Monday, September 2, 2013

Letting Go

Letting go, this is one of my most difficult areas in my life. Learning to let something go in my life is never easy for me. I always see it as a mourning and usually have a difficult time seeing it as a positive situation.

Right now I am learning to let go of my four month old daughter, I have to put her in daycare while her dad and I work in the day. She has been at home with me for the first 3 months. She then had a nanny at home for the rest of the summer. The nanny we had is a college student, she headed back to college, and we had to put Kinsley in daycare.

Needless to say, this is very hard on me. I am so attached to her, that letting go and entrusting in others to guide her, raise her, keep her safe, etc. is single-handedly the most terrifying thing I have done year to date!
I feel like I should be the one doing all this for her, that I should be raising her the way I see fit.
Being a stay at home mom feels like my destiny. It's calling my name, but I am not financially fit to do so. That being said, I feel like I have been robbed and I am mourning what I feel to be my calling. I missed my train so to speak.
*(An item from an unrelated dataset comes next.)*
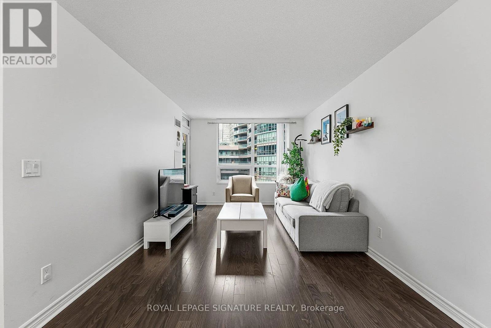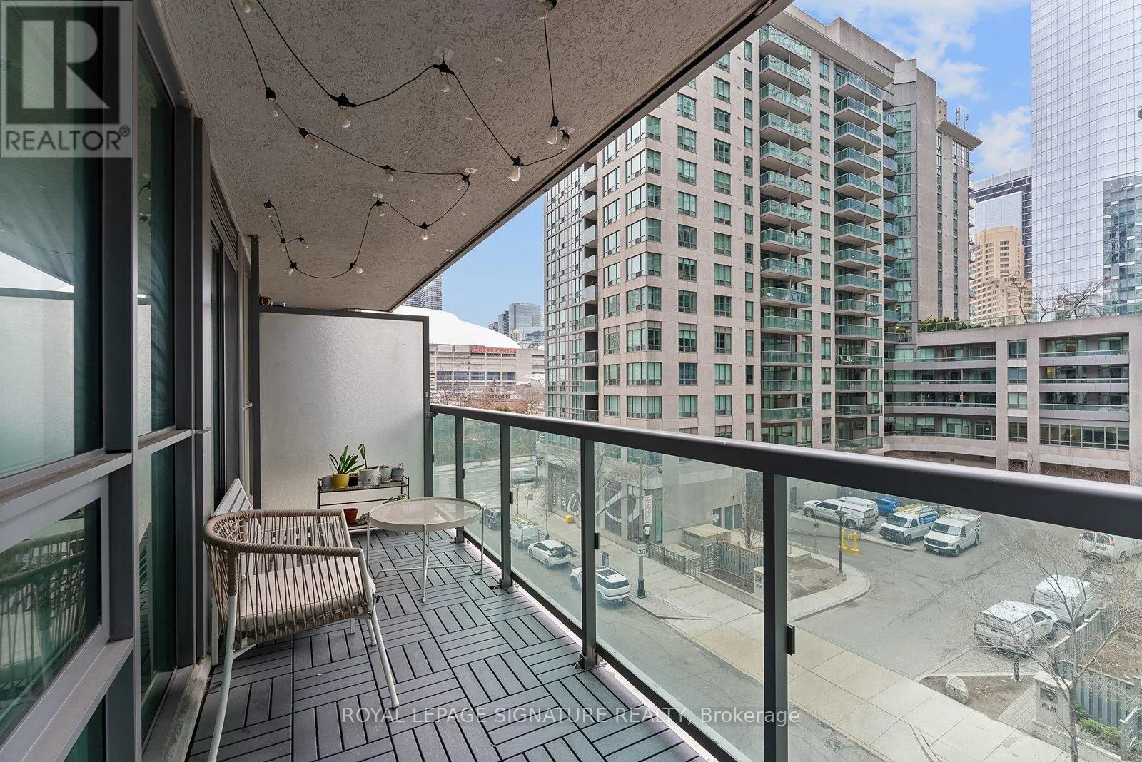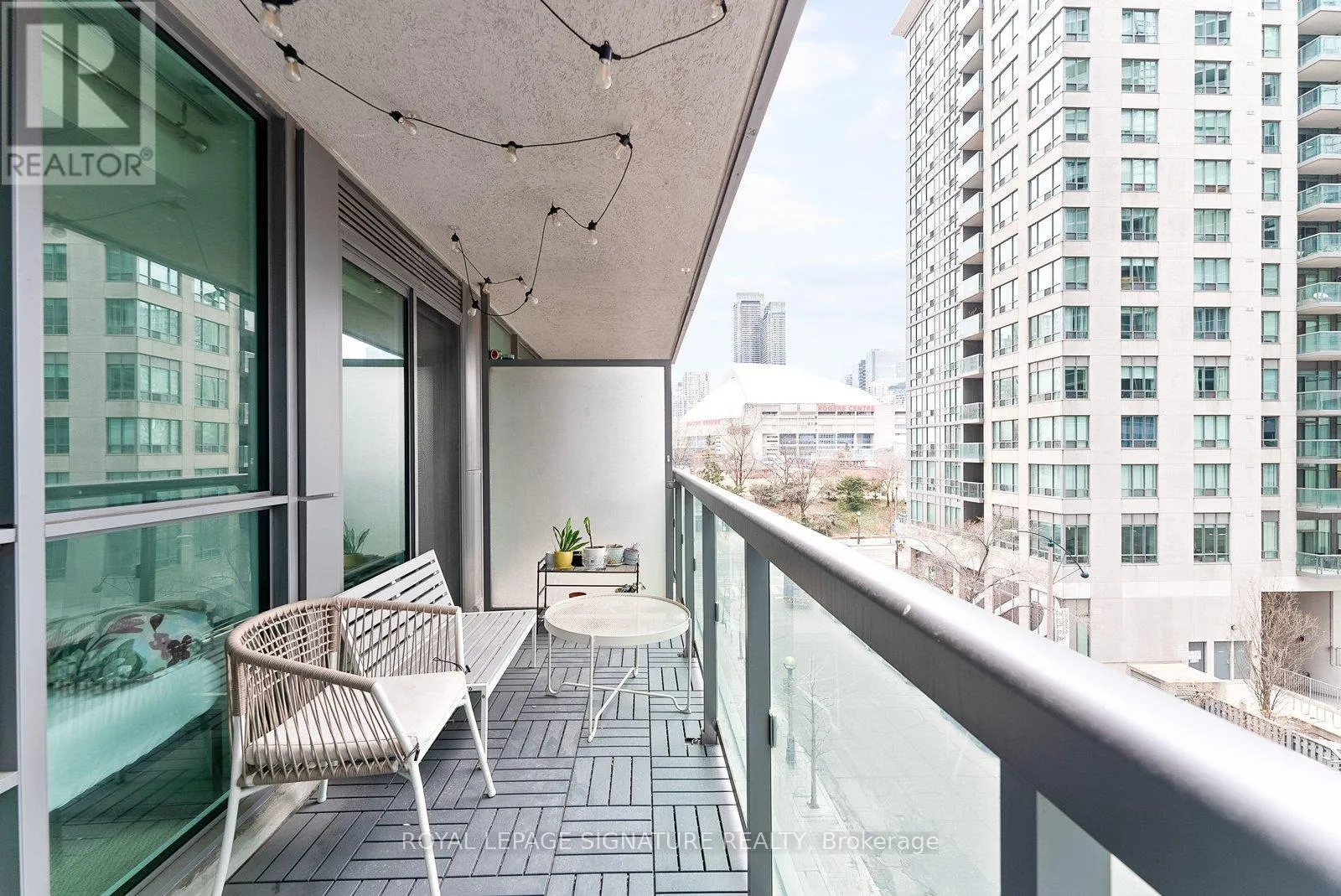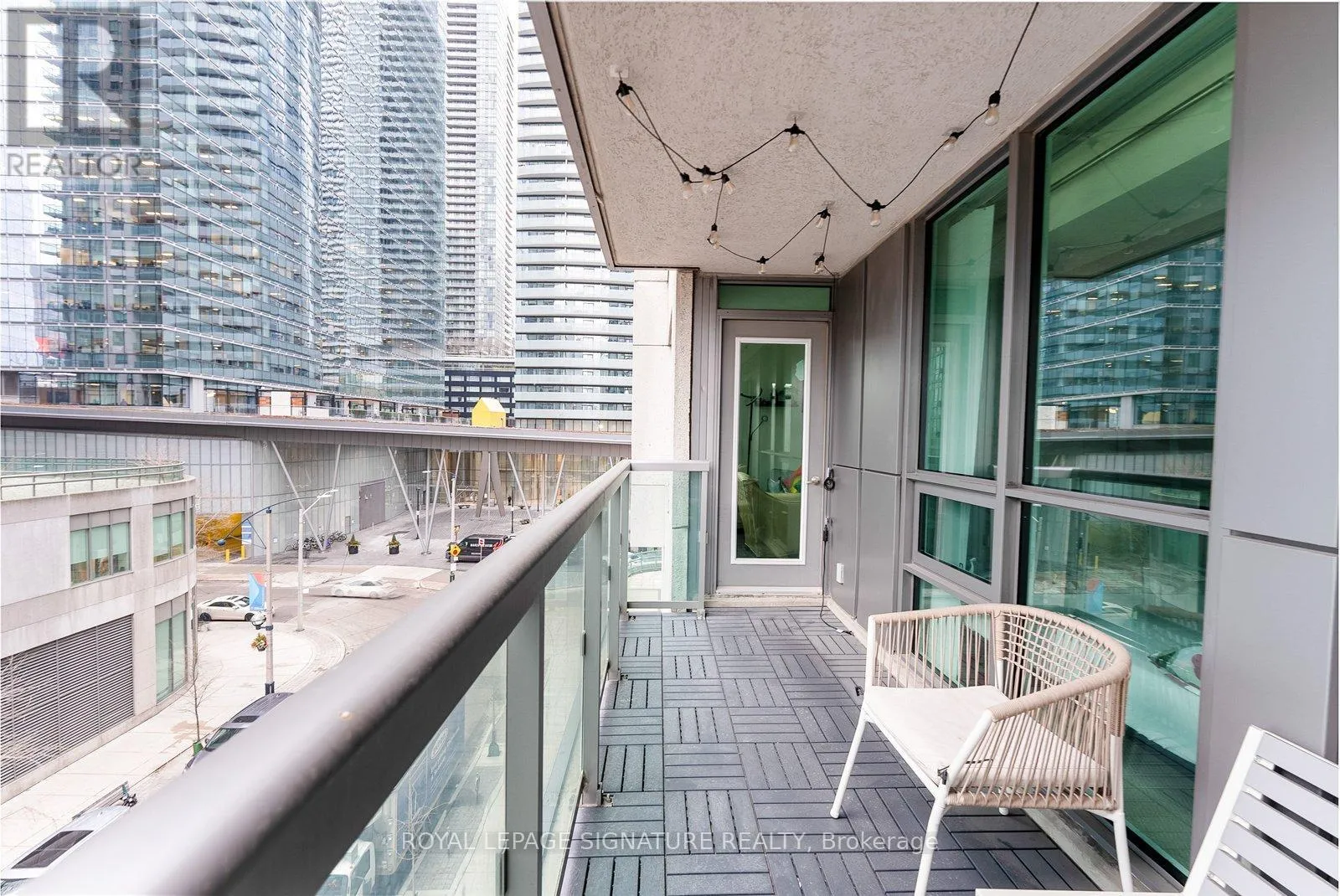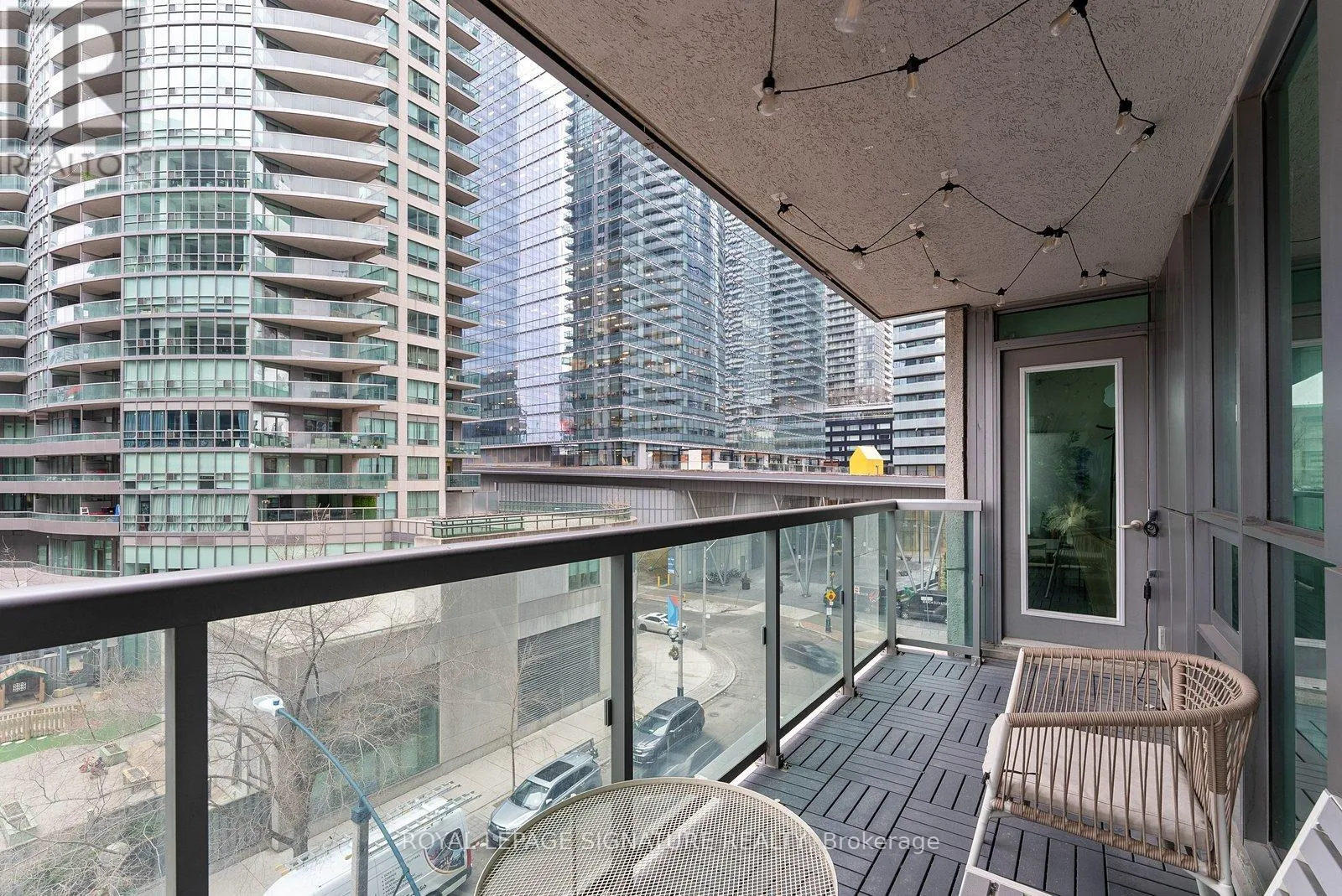 Lower Simcoe And Bremner Blvd Welcome to unit 502 at Infinity III, a large 2 bed 2 bath at 19 Grand Trunk Cres. Step into the foyer offering a front hall closet and leads into a spacious kitchen with a breakfast bar overlooking the combined living and dining area, ideal for everyday living and ample space for guests and entertaining. The living room extends to an enclosed balcony, creating a quiet retreat year-round.The primary bedroom features a unique layout with additional space for a dressing or sitting area, currently used as a nursery, along with a 4-piece ensuite and closet space. The second bedroom includes a large window and closet, providing flexibility for guests, a home office, or family living. Located in the heart of downtown, just steps to Union Station/Go Transit, the PATH, CN Tower, shops, restaurants, and all the conveniences of city living. (id:27476)

If I could find a way to make this work I would have by now. I researched all avenues of options for my destiny to be fulfilled. I came up short handed and I am trying to let it go! However, like I've stated already, that is not an easy task for me. This doesn't feel right. I feel like a fish out of water. I constantly wonder why this great country we live in; doesn't let us stay home and do our job as mothers for at least a year, like most other well developed countries are allowed to do so. I looked up working from home, basically everything I found that sounded "too good to be true" was "too good to be true", most to all work form home programs are designed as pyramid schemes. No thanks.

I was able to get my employer to allow me to work from home two days a week. This helps me cope with the separation from my daughter much easier. Still, bringing her to daycare, letting go and putting my faith in God, myself and the team at her daycare center is tough on me. I am struggling with keeping the Faith right now.I can't really get past I am paying an arm and a leg to let someone else raise and guide my child while I have to work, out of my head. People keep telling me it will get easier with time. Time is supposed to heal all wounds. I am not sure time is going to heal this wound. I think for me, in time, I will get over my mourning and start to cope with my circumstance. I think in time, things will get a little easier, but I am still always going to be a little upset and hurt that I cannot be the stay at home mom, I so desperately want to be. Like I said, I feel robbed. I feel violated and vulnerable about this situation.

I have found some peace in this quote: "Wake without trying to change your circumstances today. Rest in my provision, wisdom and grace, and let that be enough."